Life and Work of Paulo Freire
Freire was a twentieth century educator, writer, philosopher, public intellectual and political activist. He was a legend in his own lifetime and today is one of the most widely known educational theorists. His contributions to PAR can be better understood if they are related to his educational ideas and projects, and these, in turn, cannot be isolated from his personal biography and from the geographical and historical contexts in which he lived. The fact that he was born and raised in one of the poorest and most unequal regions of the world, and that his family experienced economic hardship during his childhood, helps to explain his sensitivity to issues of social inequality and his orientation towards social justice. Likewise, the different religious orientations espoused by his parents and his exposure to the liberation theology movement during his youth helps to explain his emphasis on diversity and his commitment to social equality and the emancipation of the poor. Moreover, the social movements of the 1960s and 1970s in Latin America and elsewhere explain his emphasis on grass-roots participatory development and on social transformation.

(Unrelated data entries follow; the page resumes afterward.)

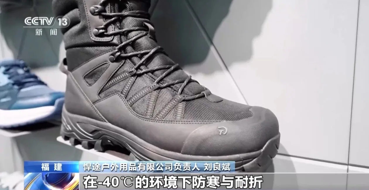 悍途户外用品有限公司负责人 刘良斌:这款鞋子客户要求在零下40度的环境下,防寒与耐折两方面性能都要达到一定标准,我们在最新款叠加态材料的基础上对鞋面进行特殊处理,最终满足了客户需求。
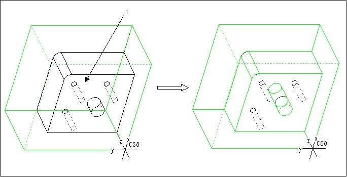 To machine the NC Model in this example, create a Step feature, and select the bottom of the cavity (1) as the Floor surface, as shown in the following illustration. Machining the Step feature leaves the material on top of the protruding boss.
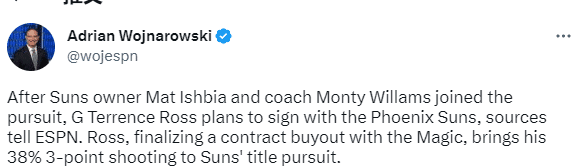 此前特伦斯-罗斯和魔术达成买断,48小时澄清期之后将成自由球员,独行侠、热火等多支球队有意罗斯,最终在太阳老板和主帅蒙蒂的招募下,罗斯计划签约太阳,助杜兰特、保罗和布克冲击总冠军。
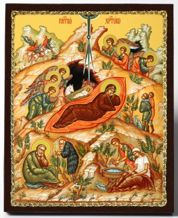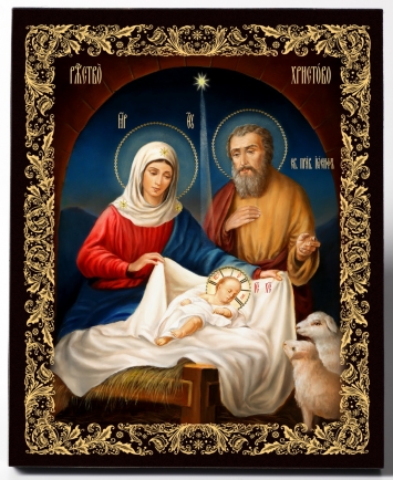 Икона на доске 30х40 объемная печать, лак №1 Рождество Христово
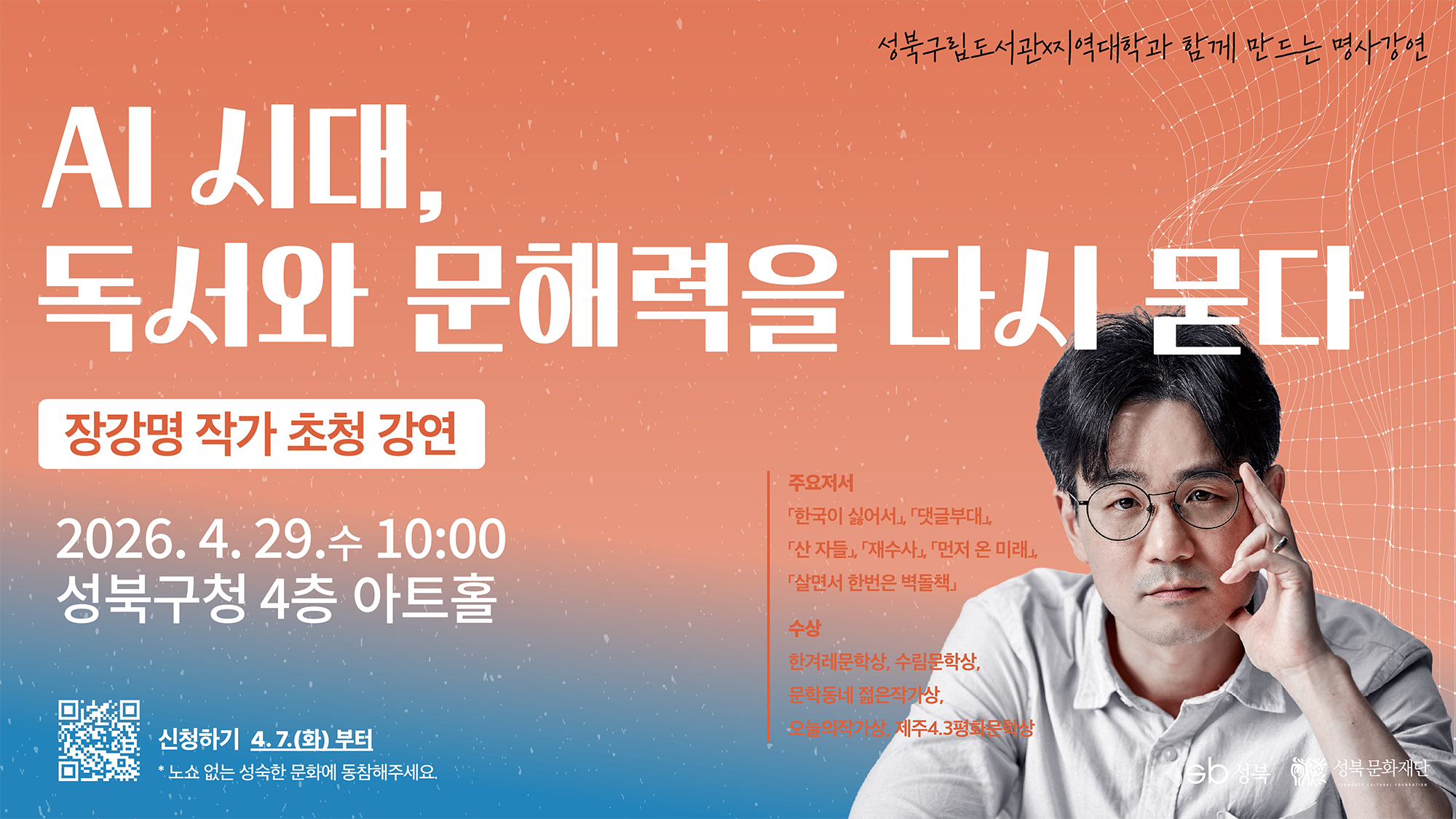 [성북구립도서관] 장강명 작가 초청강연 "AI 시대, 독서와 문해력을 다시 묻다"
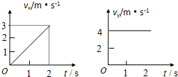 质量为1kg的物体在水平面内做曲线运动,已知互相垂直方向上的速度图象分别如图所示.下列说法正确的是()A.质点的初速度为5m/sB.质点所受的合外力为3NC.2s末质点速度大小为5m/sD
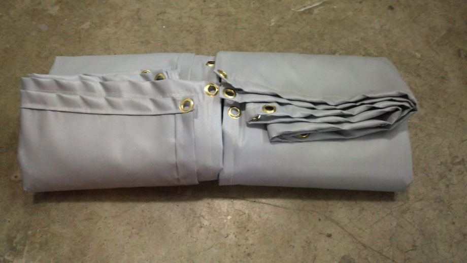 LONA IGNIFUGA PARA USO HORIZONTAL Y VERTICAL, Fabricada a la medida, con bastilla y ojillos para su facil colocación.
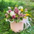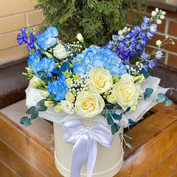 Коробка с эустомами, гвоздиками и розами
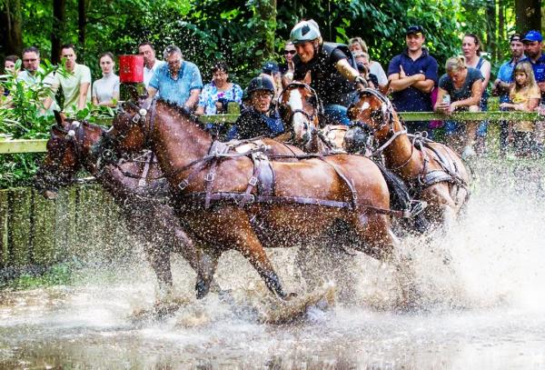 EXLOO - Regerend wereldkampioen Marijke Hammink uit Bornerbroek bevestigde zoals menigeen verwachtte dit weekend haar status tijdens de internationale menwedstrijden in het Drentse Exloo, Bij de vierspannen pony’s won ze alle drie onderdelen voor het CAI3*. (30-03-2025)
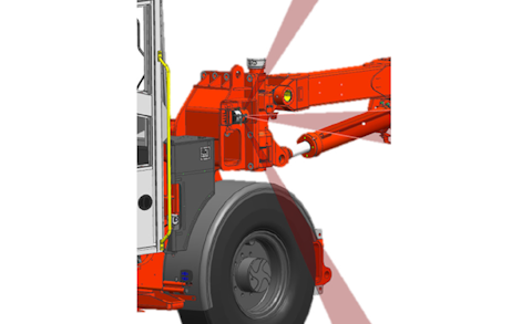 - Автоматически останавливает любое движение стрелы и бурение, как только кто-либо входит в опасную рабочую зону.

Freire was born in 1921 in northeast Brazil, the youngest of four children, to a church-oriented Catholic mother and a Spiritist father. From early childhood, he adopted his mother's religion. His father, a police officer, respected that decision and even attended his First Communion ceremony. In examining his past, Freire said that with this and other similar gestures, his father taught him the importance of respecting the ideas of others even if he did not agree with them. Through conversations with his father, the young Paulo was introduced for the first time to information about the social injustices and political struggles in Brazil. He learned from his parents to read and write at a very early age. They taught him literacy skills as a game, having him write his own words on the earth with a stick. Interestingly, years later, Freire became famous for developing a literacy method that started with the reality and the vocabulary of learners and not with words chosen by curriculum developers. During his adolescence, in the context of the economic crisis of the 1930s, Freire's family struggled to make ends meet. The experience of living in poverty among poor rural families helped young Paulo become more aware of the social world around him and develop a sense of respect for and solidarity with all human beings, regardless of their background.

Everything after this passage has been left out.